### Study material
* * *

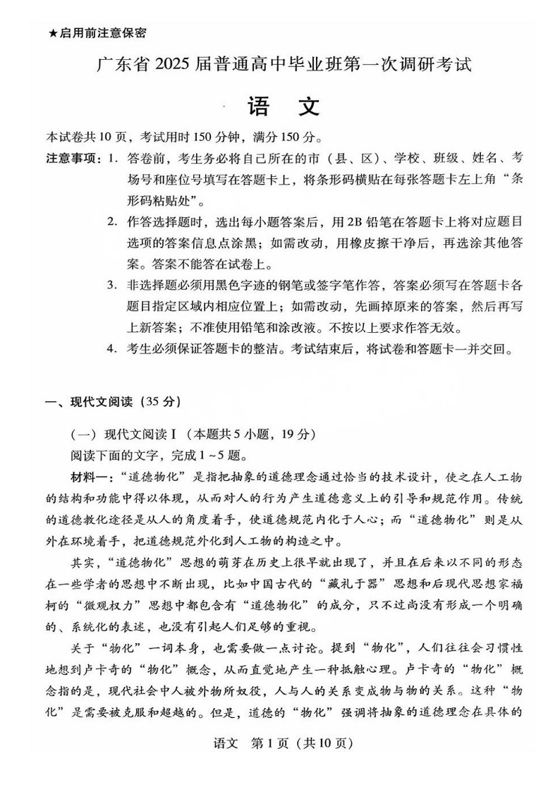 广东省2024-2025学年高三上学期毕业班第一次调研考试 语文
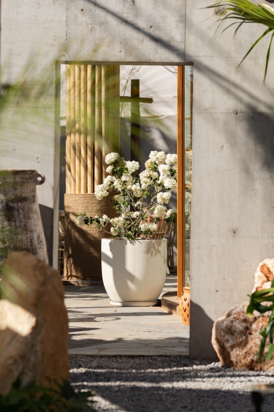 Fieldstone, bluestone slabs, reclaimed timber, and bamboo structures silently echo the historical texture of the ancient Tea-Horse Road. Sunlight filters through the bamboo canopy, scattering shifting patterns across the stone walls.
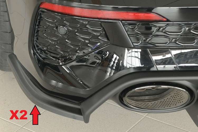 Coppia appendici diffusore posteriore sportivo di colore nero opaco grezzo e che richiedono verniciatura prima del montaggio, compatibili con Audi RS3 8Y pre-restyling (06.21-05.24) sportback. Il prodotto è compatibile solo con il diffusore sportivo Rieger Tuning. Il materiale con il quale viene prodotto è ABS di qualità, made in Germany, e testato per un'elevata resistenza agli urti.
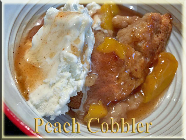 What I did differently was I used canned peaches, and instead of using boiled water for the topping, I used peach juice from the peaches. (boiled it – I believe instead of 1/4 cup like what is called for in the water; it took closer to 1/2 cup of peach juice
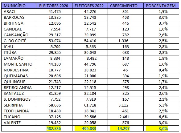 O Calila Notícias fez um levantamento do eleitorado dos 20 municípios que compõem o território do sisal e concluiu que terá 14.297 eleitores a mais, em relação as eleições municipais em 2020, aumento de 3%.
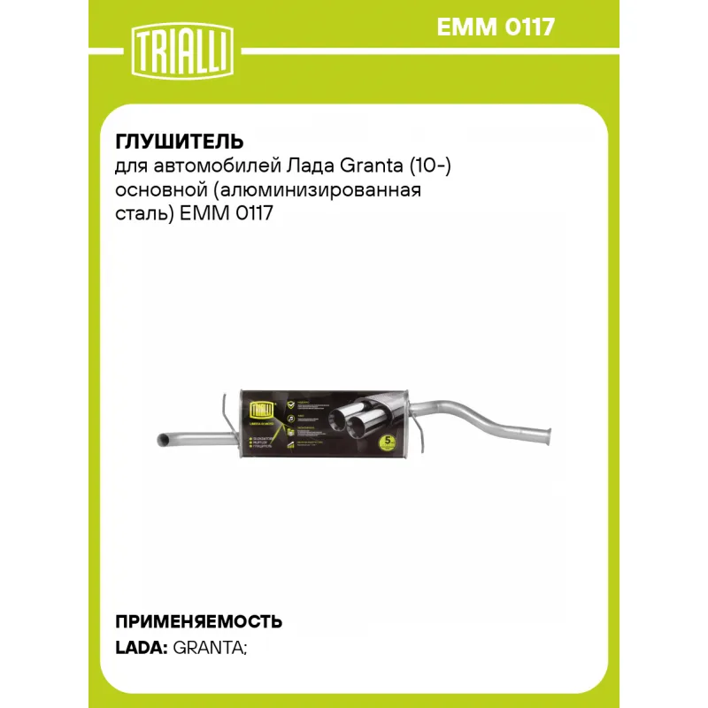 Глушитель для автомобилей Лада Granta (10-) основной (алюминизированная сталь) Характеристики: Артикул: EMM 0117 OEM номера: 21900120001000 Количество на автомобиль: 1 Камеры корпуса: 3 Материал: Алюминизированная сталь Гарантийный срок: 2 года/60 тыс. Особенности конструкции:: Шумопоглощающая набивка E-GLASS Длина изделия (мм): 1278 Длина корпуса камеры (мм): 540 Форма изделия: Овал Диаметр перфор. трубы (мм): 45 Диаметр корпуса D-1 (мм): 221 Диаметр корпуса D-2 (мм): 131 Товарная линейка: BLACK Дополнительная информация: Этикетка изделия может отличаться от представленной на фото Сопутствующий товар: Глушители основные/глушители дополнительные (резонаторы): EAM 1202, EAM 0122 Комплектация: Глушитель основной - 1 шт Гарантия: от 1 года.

* * *

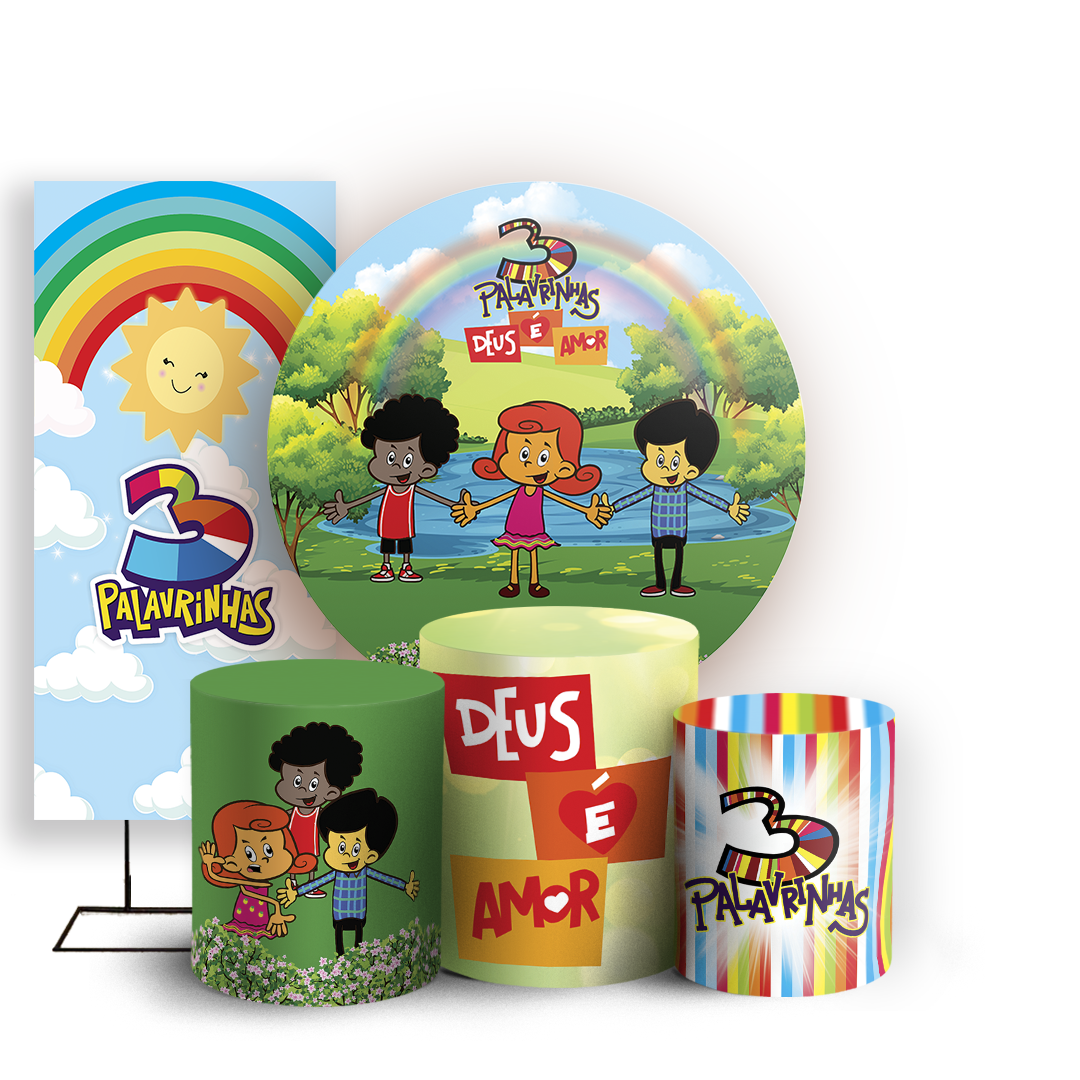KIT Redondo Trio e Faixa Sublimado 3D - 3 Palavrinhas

* * *

### Work instructions
For this exercise, transcribe exactly the part of the records above that opens with the line containing "广东省2024-2025学年高三上学期毕业班第一次调研考试 语文" and closes with the one containing "Fieldstone, bluestone slabs, reclaimed". Pictures are not part of the copy.

### Exercise output
 广东省2024-2025学年高三上学期毕业班第一次调研考试 语文
 Fieldstone, bluestone slabs, reclaimed timber, and bamboo structures silently echo the historical texture of the ancient Tea-Horse Road. Sunlight filters through the bamboo canopy, scattering shifting patterns across the stone walls.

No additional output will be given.